Cases of tumor lysis syndrome have been reported in patients treated with pralsetinib.
Risk factors:
• Presence of rapidly growing tumors
• High tumor burden
• Kidney dysfunction
• Dehydration
Pralsetinib may have the potential to adversely affect wound healing. Due to this concern, recommendations regarding withholding therapy prior to elective surgery and/or after major surgery exist.
Mechanism: Exact mechanism is unknown; vascular endothelial growth factor receptor inhibitors are associated with impaired wound healing.
Risk factors:
• Major surgery
The following adverse drug reactions and incidences are derived from product labeling unless otherwise specified. Reported adverse reactions are for adults.
>10%:
Cardiovascular: Edema (29% to 44%), hypertension (35% to 40%)
Dermatologic: Skin rash (17% to 24%)
Endocrine & metabolic: Decreased serum albumin (41% to 52%), decreased serum calcium (corrected: 50% to 70%), decreased serum magnesium (25% to 27%), decreased serum phosphate (28% to 50%), decreased serum potassium (27%), decreased serum sodium (28% to 42%), hypermagnesemia (14%), increased serum phosphate (40%), increased serum potassium (26% to 27%)
Gastrointestinal: Abdominal pain (14% to 17%), constipation (41% to 45%), decreased appetite (15% to 18%), diarrhea (30% to 34%; grades 3/4: 3% to 5%, including colitis), dysgeusia (17%), nausea (17% to 19%; grade 3: <1%), stomatitis (6% to 17%; grade 3: <1%), vomiting (14%), xerostomia (17%)
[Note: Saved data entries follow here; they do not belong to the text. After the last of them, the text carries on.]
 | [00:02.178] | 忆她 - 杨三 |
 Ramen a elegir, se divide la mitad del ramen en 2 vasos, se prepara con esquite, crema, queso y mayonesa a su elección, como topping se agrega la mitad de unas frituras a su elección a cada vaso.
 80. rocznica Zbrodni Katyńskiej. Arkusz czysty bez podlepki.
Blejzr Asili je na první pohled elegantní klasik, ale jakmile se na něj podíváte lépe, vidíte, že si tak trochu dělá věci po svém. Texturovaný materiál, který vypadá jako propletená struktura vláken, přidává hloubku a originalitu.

Genitourinary: Urinary tract infection (16%)
Hematologic & oncologic: Decreased hemoglobin (63% to 78%; grades 3/4: 13% to 18%), decreased neutrophils (59% to 70%; grades 3/4: 16% to 21%), decreased platelet count (31% to 33%; grades 3/4: 3% to 5%), leukopenia (79%; grades 3/4: 11%), lymphocytopenia (67% to 73%; grades 3/4: 27% to 32%), tumor lysis syndrome (<15%)
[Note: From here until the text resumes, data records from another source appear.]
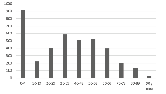 En la mayoría de los lugares aquí analizados, alrededor del 20 % de los muertos por cólera fueron párvulos, esto es niños desde cero hasta 7 años y 80 % adultos.18 Sin embargo, al estudiarse la mortalidad por grupo de edad, los niños de 0 a 7 años fueron el grupo de edad más afectado por el cólera, 24.58 % del total (figura 8 y tabla 5). Proporción que coincide con la encontrada en Guadalajara, 23.39 % (Oliver 2018, 139). Dentro del grupo de adultos, el vibrión colérico causó la muerte con mayor frecuencia a los que estaban en el rango de 30-59 años, quienes acumularon el 43.74 % del total de las muertes.
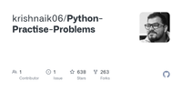 krishnaik06 / Python-Practise-Problems Public · Notifications · You must be signed in to change notification settings · Fork 263 · Star 638 · main · / Copy path · More file actions · More file actions · History · History · 3.22 MB · main · / Top · 3.22 MB ·
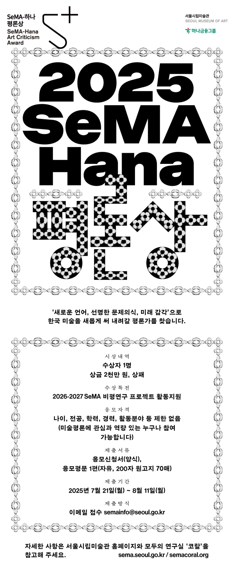 서울시립미술관은 2025 〈SeMA-하나 평론상〉을 공모하며, ‘새로운 언어, 선명한 문제의식, 미래 감각’으로 한국 미술을 새롭게 써 내려갈 평론가를 찾습니다. 〈SeMA-하나 평론상〉은 일체 자격 제한 없이 응모 평문 심사를 통해 수상자를 선정하는 ‘열린 공모상’입니다. 2025 〈SeMA-하나 평론상〉의 수상자는 2천만 원의 상금에 덧붙여, 미술관과 함께 평론의 반경과 깊이를 키워갈 2026-2027 〈SeMA 비평연구 프로젝트〉 참여 기회를 얻습니다. 새로운 시선과 통찰로 시대와 미술을 읽어낼 이들의 적극적인 참여를 기다립니다.
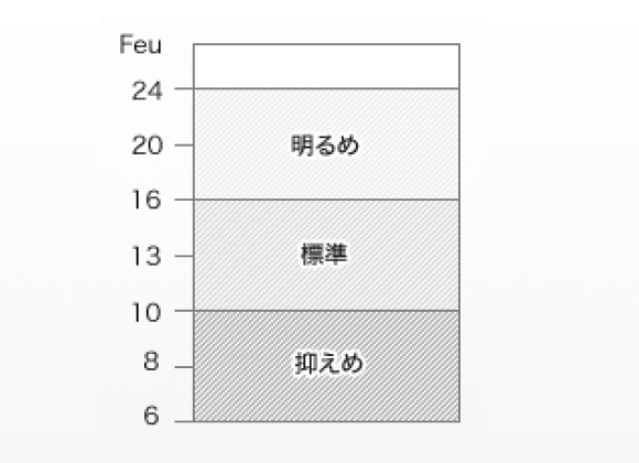 図1に「事務所・会議室におけるFeu値の目安」を、図2に「照明工夫によって空間の明るさを向上させた例」を、図3に「空間の明るさを確保しやすい天井直付型照明器具の例」を示します。

Hepatic: Increased serum alanine aminotransferase (37% to 58%), increased serum alkaline phosphatase (22% to 43%), increased serum aspartate aminotransferase (49% to 80%), increased serum bilirubin (20% to 24%)
Nervous system: Dizziness (19%), fatigue (38% to 42%; including asthenia), headache (15% to 24%), peripheral neuropathy (20%)
Neuromuscular & skeletal: Increased creatine phosphokinase in blood specimen (≤19%), musculoskeletal pain (42% to 44%)
Renal: Increased serum creatinine (41% to 45%)
Respiratory: Cough (27% to 36%), dyspnea (21% to 22%), pneumonia (24%), pneumonitis (12% to 14%)
Miscellaneous: Fever (22% to 29%)
1% to 10%:
Cardiovascular: Pulmonary embolism (≥2%)
Hematologic & oncologic: Hemorrhage (grades ≥3: 4%)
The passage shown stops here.